The views expressed are those of the author and do not necessarily reflect the views of ASPA as an organization. 

By Bill Brantley
May 16, 2017

PMOAs the Office of Management and Budget (OMB) works on implementing the Program Management Improvement and Accountability Act (PMIAA), Federal agencies are considering how to incorporate PMIAA into their agency programs and processes. Many agencies have pockets of program management excellence, but the real challenge is connecting the isolated pockets to improve program management of the Federal government overall.

I recently presented on government program and project management offices at the University of Maryland’s 2017 Project Management Symposium. I am researching the current state of the Federal agencies’ program and project management offices.
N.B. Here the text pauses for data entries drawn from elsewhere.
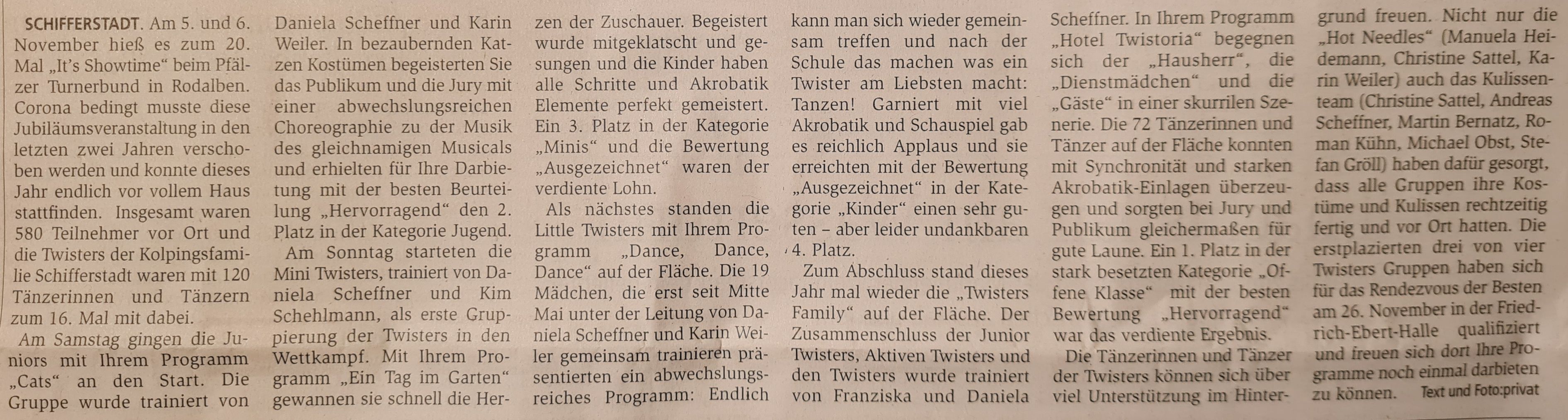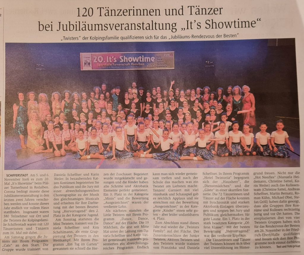 Am 5. und 6. November hieß es zum 20. Mal „It’s Showtime“ beim Pfälzer Turnerbund in Rodalben. Corona bedingt musste diese Jubiläumsveranstaltung in den letzten zwei Jahren verschoben werden und konnte dieses Jahr endlich vor vollem Haus stattfinden. Insgesamt waren 580 Teilnehmer vor Ort und die Twisters der Kolpingsfamilie Schifferstadt waren mit 120 Tänzerinnen und Tänzern zum 16. Mal mit dabei.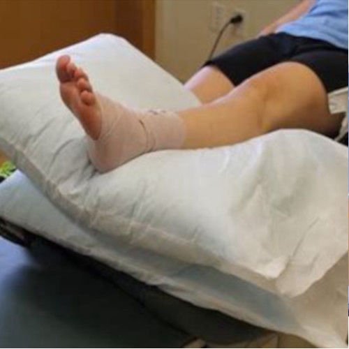 Elevate the injured part above heart level to reduce swelling until you can use the limb. Then elevate whenever you are not using the part e.g when sitting. Upper limbs - elevate on pillow in lying, elevate on pillows on table in sitting. Lower limb - elevate on pillows in lying, on another chair if sitting.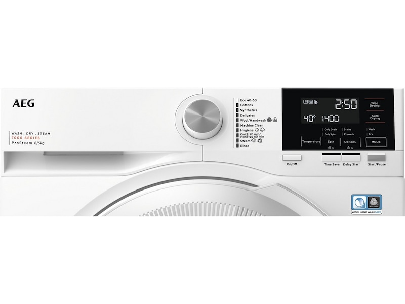 Syntetisk materiale, Delikat, Eco 40-60, Hurtig 20, Antiplettprogram, Trommelrengjøring, Bomull, ProSteam, Hygiene, Damp, Skylle, 60' vask og tørk, Håndvask/ull
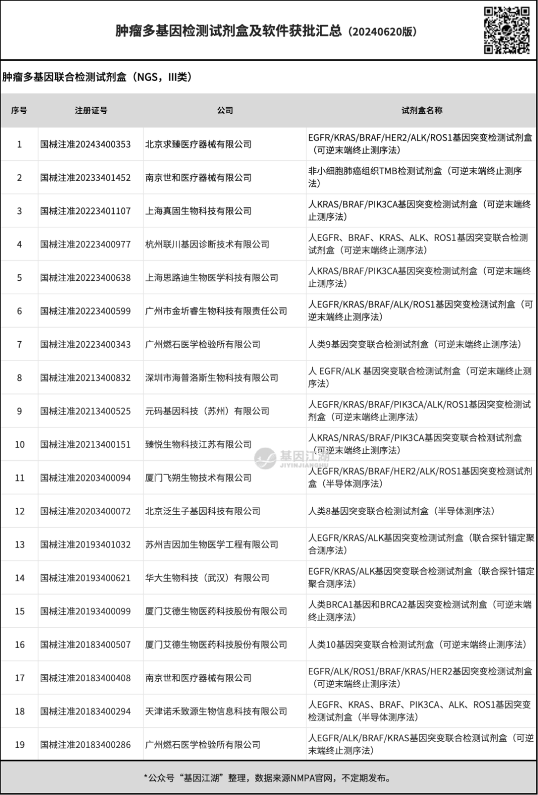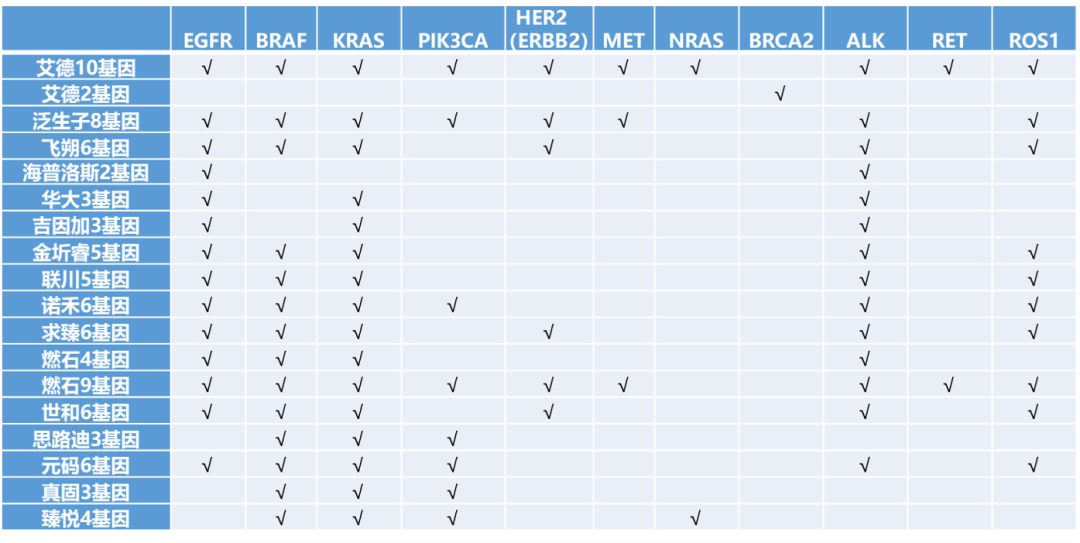 只关注多基因小Panel的话(不包括世和基因的大Panel TMB试剂盒),已有18个相关产品获批。 汇总了一下18个多基因小Panel试剂盒的目标基因检测表:
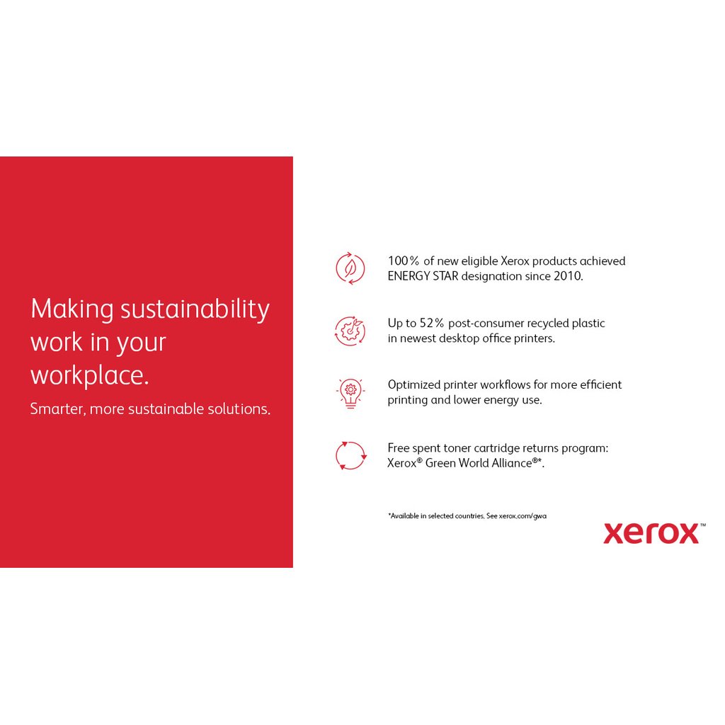 Reliability and performance that exceeds demands and expectations. Is personalization, future readiness and built-in security too much to ask for? Not for the demands of modern work. Small enough to fit where you need it and fast enough to support high print volumes, the Xerox® VersaLink® B620 delivers flawlessly for high-performing teams with print-centric needs. Compact Without Compromise: Make the most out of every square foot of your office space with the small footprint of the B620. This Workplace Assistant takes up less space but gets just as much work done. It’s perfectly sized for scaled-back office spaces and hybrid work environments, where space is a premium and there’s no room for disruption. Make Work Easier: Get up to speed in no time with a tablet-like touch screen that balances simplicity and time-saving efficiency. The familiar, intuitive 5-inch user interface (UI) guides you through tasks, and simplifies every print interaction, making viewing printer status and submitting or releasing print jobs quick and easy. Mobility features, such Apple® AirPrint®, Mopria, and optional WiFi Direct¹, take the stress out of printing directly from your favorite mobile devices. And Xerox® @PrintByXerox provides hassle-free printing from any email-enabled device (smartphone, tablet, computer, Chromebook) via the cloud, so you can print easily and securely from anywhere. Disruption-ready Technology: Your work is always evolving, so you need technology that’s always a step ahead. The Xerox® ConnectKey® Technology-enabled VersaLink adjusts quickly to the evolving needs of your organization. Advanced tools such as Xerox® Easy Assist, Xerox® Print and Scan Experience provide enhanced productivity features that deliver easier ways to use and manage your printer. And with access to a portfolio of cloud-hosted apps via the Xerox App Gallery you can effortlessly connect and print from popular cloud repositories directly from the B620 user interface. Smarter, More Sophisticated Security: The Security Dashboard simplifies printer security management on the VersaLink B620. A comprehensive range of proactive security features stop security threats where they start, preventing malicious attacks, proliferation of malware, unauthorized access or changes, and breaches that lead to downtime. To simplify security event reporting and management, VersaLink Devices can integrate with Security Information and Event Management (SIEM) Tools. Proactive features constantly monitor, detect and block threats in real time. And automated security responses provide invaluable time savings and peace of mind. Quality That’s a Cut Above: Delivering a high-resolution output of 1200 x 1200 dpi, with crisp text and sharp lines to elevate your important documents. Sustainable Through and Through: Made up of more than 25% post-consumer recycled plastic, the VersaLink gives new meaning to environmental responsibility. This device meets or exceeds the strictest, globally recognized standards for product environmental performance, including EPEAT, Blue Angel and ENERGY STAR®. In addition, the Xerox® Green World Alliance® program simplifies collection, reuse and recycling of spent imaging supplies, and we are working to minimize the waste associated with our devices.

My purpose is to determine the number and structure of Federal program and project management offices. My research will establish a baseline to measure the impact of PMIAA. There is much research on the benefits of project management offices in the private sector but few empirical studies on government project management offices. Two studies provide insights into how to implement PMIAA.
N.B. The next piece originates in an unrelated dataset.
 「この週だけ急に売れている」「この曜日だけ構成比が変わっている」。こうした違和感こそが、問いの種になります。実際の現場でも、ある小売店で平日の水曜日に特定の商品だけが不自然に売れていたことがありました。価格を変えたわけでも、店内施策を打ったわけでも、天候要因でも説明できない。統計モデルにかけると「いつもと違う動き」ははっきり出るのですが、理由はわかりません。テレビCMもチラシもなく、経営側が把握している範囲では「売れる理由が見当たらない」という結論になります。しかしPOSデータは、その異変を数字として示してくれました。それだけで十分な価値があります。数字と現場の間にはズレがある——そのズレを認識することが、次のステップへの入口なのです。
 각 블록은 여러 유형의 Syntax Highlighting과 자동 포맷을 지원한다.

What Makes a Project Management Office Successful?

Dai and Wells conducted a study to determine which of the project management office services correlated most highly with project performance. The researchers studied these project management services:

  • Project support to offload administrative burdens such as reporting and software operations from project managers.
  • Consulting and mentoring, whereby professional PM expertise such as proposal development and project planning is provided.
  • Development and enforcement of standards and methods to leverage best practices and to ensure members of the organization are all ‘‘speaking the same PM language.’’
  • Training to enhance individual skills and to encourage professional certification.
  • Assisting in staffing projects with project managers.
  • Playing a high-tech project support role by enabling virtual project offices across geographical and organizational distance.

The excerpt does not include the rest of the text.